Start of Block

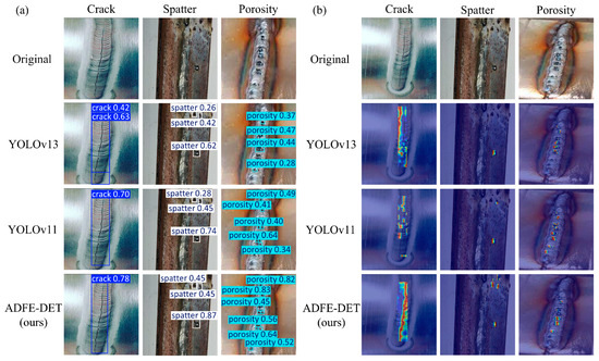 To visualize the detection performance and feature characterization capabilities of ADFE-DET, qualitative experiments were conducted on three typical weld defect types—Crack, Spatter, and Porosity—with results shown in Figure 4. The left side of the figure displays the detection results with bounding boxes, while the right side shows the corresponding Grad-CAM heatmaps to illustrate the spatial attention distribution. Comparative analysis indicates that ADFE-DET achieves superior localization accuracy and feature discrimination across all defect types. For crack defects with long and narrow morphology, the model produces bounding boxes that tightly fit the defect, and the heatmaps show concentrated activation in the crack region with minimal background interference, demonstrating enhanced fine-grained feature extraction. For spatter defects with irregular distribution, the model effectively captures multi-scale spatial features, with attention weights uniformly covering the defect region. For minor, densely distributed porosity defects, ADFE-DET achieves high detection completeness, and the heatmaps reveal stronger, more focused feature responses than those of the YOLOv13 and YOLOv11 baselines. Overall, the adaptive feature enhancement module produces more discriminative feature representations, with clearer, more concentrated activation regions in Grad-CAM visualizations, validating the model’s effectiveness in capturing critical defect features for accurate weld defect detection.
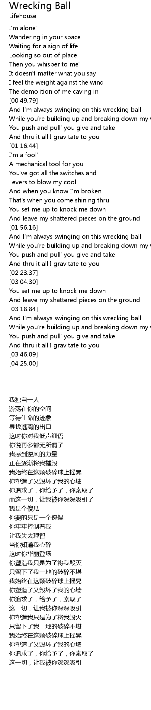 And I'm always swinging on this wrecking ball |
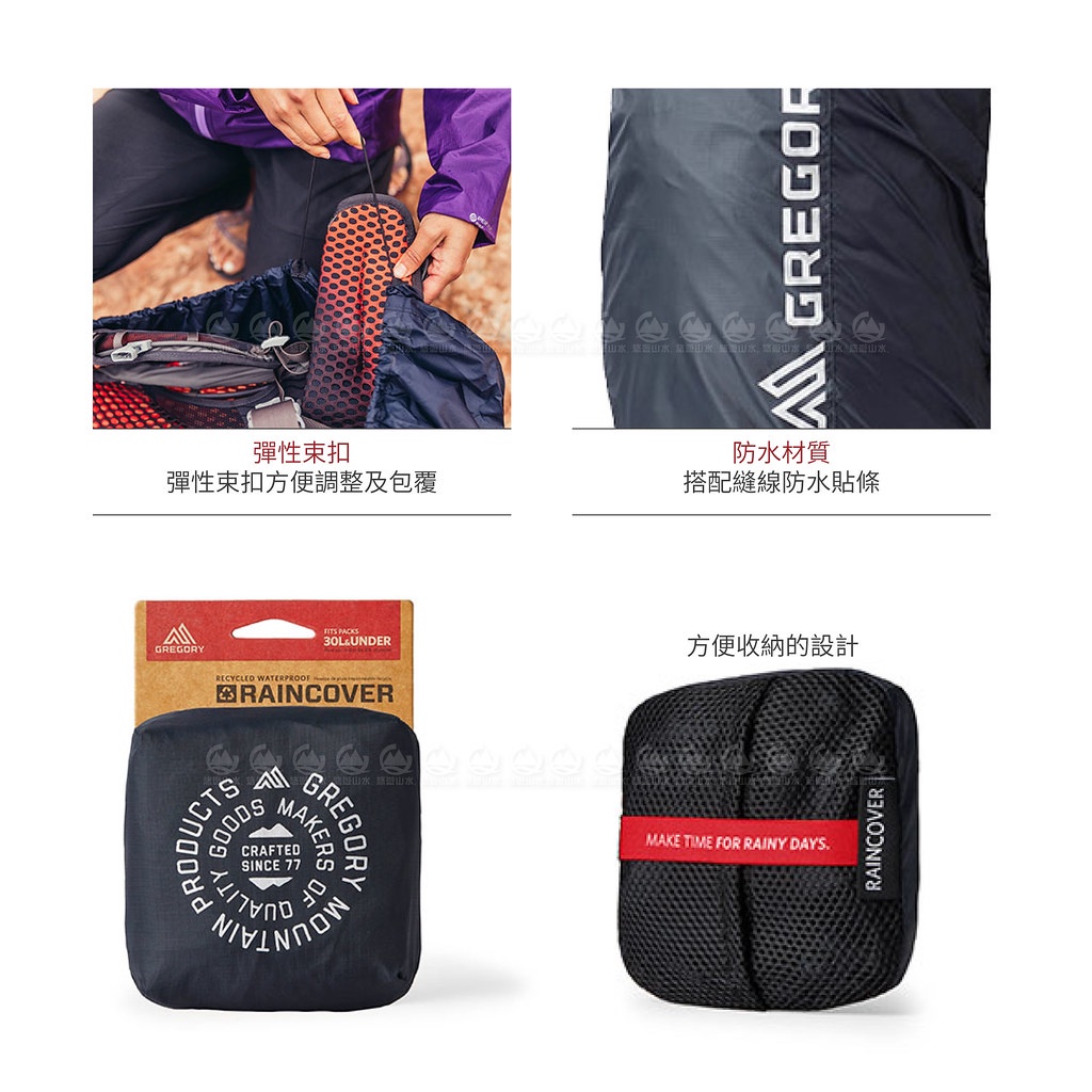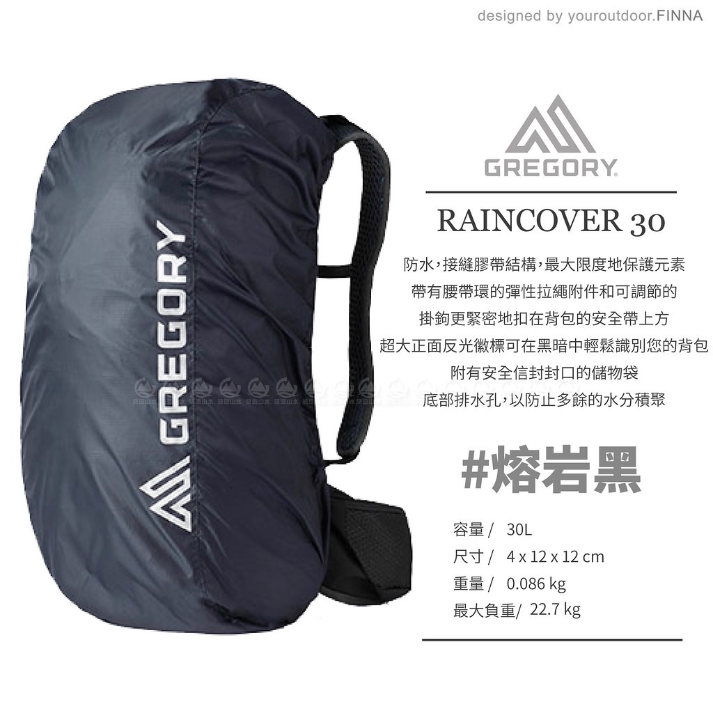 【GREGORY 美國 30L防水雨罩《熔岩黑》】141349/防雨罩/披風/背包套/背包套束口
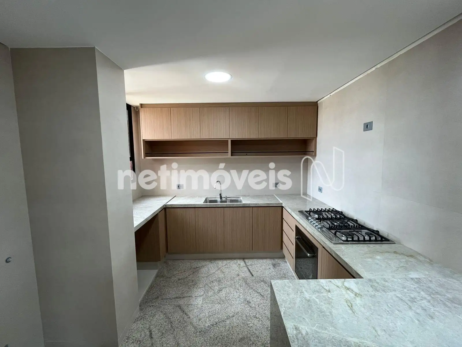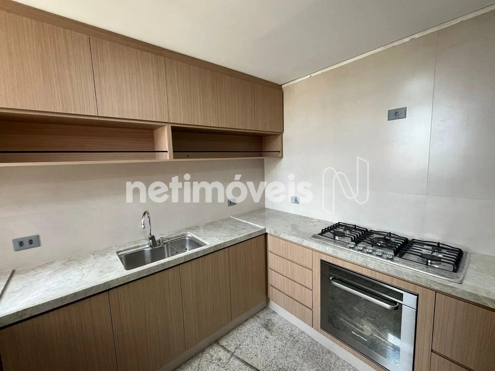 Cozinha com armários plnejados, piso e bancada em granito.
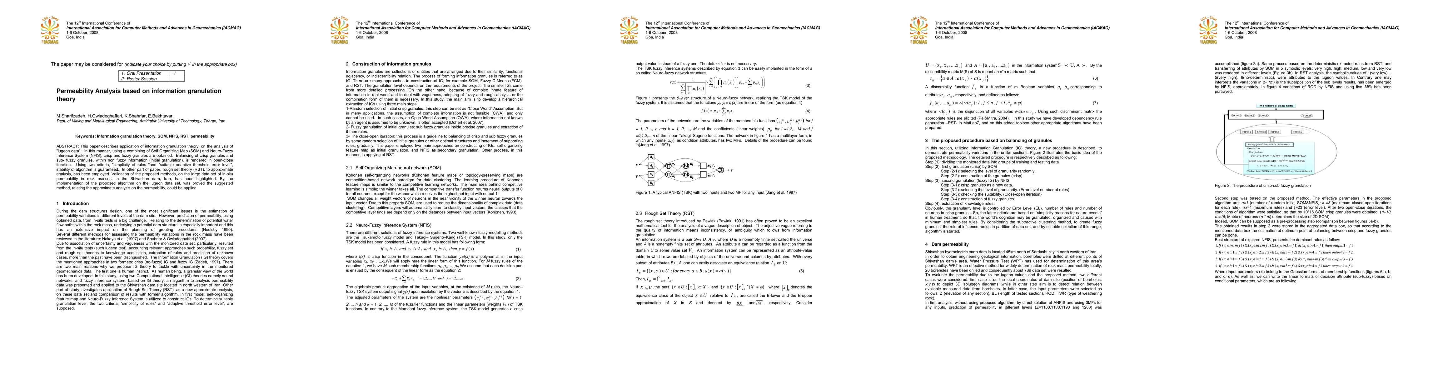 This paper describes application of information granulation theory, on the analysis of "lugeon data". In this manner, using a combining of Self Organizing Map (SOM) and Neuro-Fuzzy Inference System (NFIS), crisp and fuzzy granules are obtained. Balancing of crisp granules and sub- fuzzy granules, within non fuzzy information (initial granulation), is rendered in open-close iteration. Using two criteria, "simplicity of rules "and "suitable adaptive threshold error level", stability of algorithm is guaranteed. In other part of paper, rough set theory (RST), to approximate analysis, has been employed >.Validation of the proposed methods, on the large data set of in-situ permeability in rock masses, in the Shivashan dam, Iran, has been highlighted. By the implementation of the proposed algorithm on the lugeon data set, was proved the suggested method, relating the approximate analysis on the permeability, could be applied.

End of Block

■ What needs to be done
Transcribe the records word for word and include no pictures.

■ Task response
 To visualize the detection performance and feature characterization capabilities of ADFE-DET, qualitative experiments were conducted on three typical weld defect types—Crack, Spatter, and Porosity—with results shown in Figure 4. The left side of the figure displays the detection results with bounding boxes, while the right side shows the corresponding Grad-CAM heatmaps to illustrate the spatial attention distribution. Comparative analysis indicates that ADFE-DET achieves superior localization accuracy and feature discrimination across all defect types. For crack defects with long and narrow morphology, the model produces bounding boxes that tightly fit the defect, and the heatmaps show concentrated activation in the crack region with minimal background interference, demonstrating enhanced fine-grained feature extraction. For spatter defects with irregular distribution, the model effectively captures multi-scale spatial features, with attention weights uniformly covering the defect region. For minor, densely distributed porosity defects, ADFE-DET achieves high detection completeness, and the heatmaps reveal stronger, more focused feature responses than those of the YOLOv13 and YOLOv11 baselines. Overall, the adaptive feature enhancement module produces more discriminative feature representations, with clearer, more concentrated activation regions in Grad-CAM visualizations, validating the model’s effectiveness in capturing critical defect features for accurate weld defect detection.
 And I'm always swinging on this wrecking ball |
 【GREGORY 美國 30L防水雨罩《熔岩黑》】141349/防雨罩/披風/背包套/背包套束口
 Cozinha com armários plnejados, piso e bancada em granito.
 This paper describes application of information granulation theory, on the analysis of "lugeon data". In this manner, using a combining of Self Organizing Map (SOM) and Neuro-Fuzzy Inference System (NFIS), crisp and fuzzy granules are obtained. Balancing of crisp granules and sub- fuzzy granules, within non fuzzy information (initial granulation), is rendered in open-close iteration. Using two criteria, "simplicity of rules "and "suitable adaptive threshold error level", stability of algorithm is guaranteed. In other part of paper, rough set theory (RST), to approximate analysis, has been employed >.Validation of the proposed methods, on the large data set of in-situ permeability in rock masses, in the Shivashan dam, Iran, has been highlighted. By the implementation of the proposed algorithm on the lugeon data set, was proved the suggested method, relating the approximate analysis on the permeability, could be applied.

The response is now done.